• **Data block**
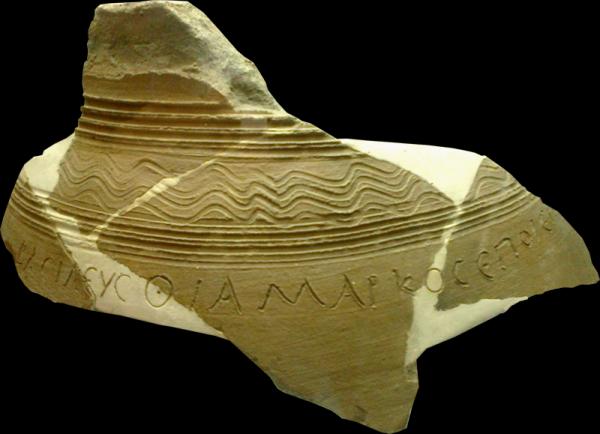 ca proprietar al atelierului în care s-a lucrat vasul. Pe cât de irelevantă în sine este terminaţia, pe atât de interesantă este menţionarea, într-o scriere autentică, contemporană, a unui rege geto-dac Tiamarcos, în nord-vestul Olteniei, pe locul viitoarei Dacia Malvensis! I.I.Russu confirmă că numele dinastului dac este de cea mai pură factură tracică şi tot el, este cel care a descifrat inscripţia.
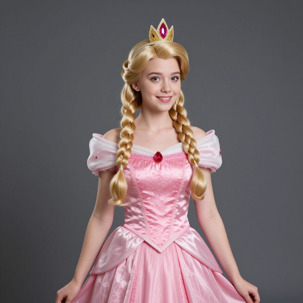 Princess aurora costume girl, solo, 1girl, twin braids, dress, realistic, blonde hair, crown, braid, pink dress, cape, long hair, tiara, parody
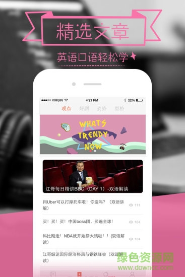 爱说口语app是由新东方英语官方推出的一款口语学习软件,提供了各种模拟使用场景对话模式,能够有效的帮助用户进行口语练习,涵盖了商务口语、生活口语、美剧电影、考试英语、事实新闻等多方面的口语练习,同事内置了电子读物,让你跟Chinglish say拜拜,需要的朋友快来绿色资源网下载吧!

• **What the task asks**
Pictures excluded, copy exactly the lines running from the one with "Princess aurora costume" through the last line of the material.

• **The answer**
 Princess aurora costume girl, solo, 1girl, twin braids, dress, realistic, blonde hair, crown, braid, pink dress, cape, long hair, tiara, parody
 爱说口语app是由新东方英语官方推出的一款口语学习软件,提供了各种模拟使用场景对话模式,能够有效的帮助用户进行口语练习,涵盖了商务口语、生活口语、美剧电影、考试英语、事实新闻等多方面的口语练习,同事内置了电子读物,让你跟Chinglish say拜拜,需要的朋友快来绿色资源网下载吧!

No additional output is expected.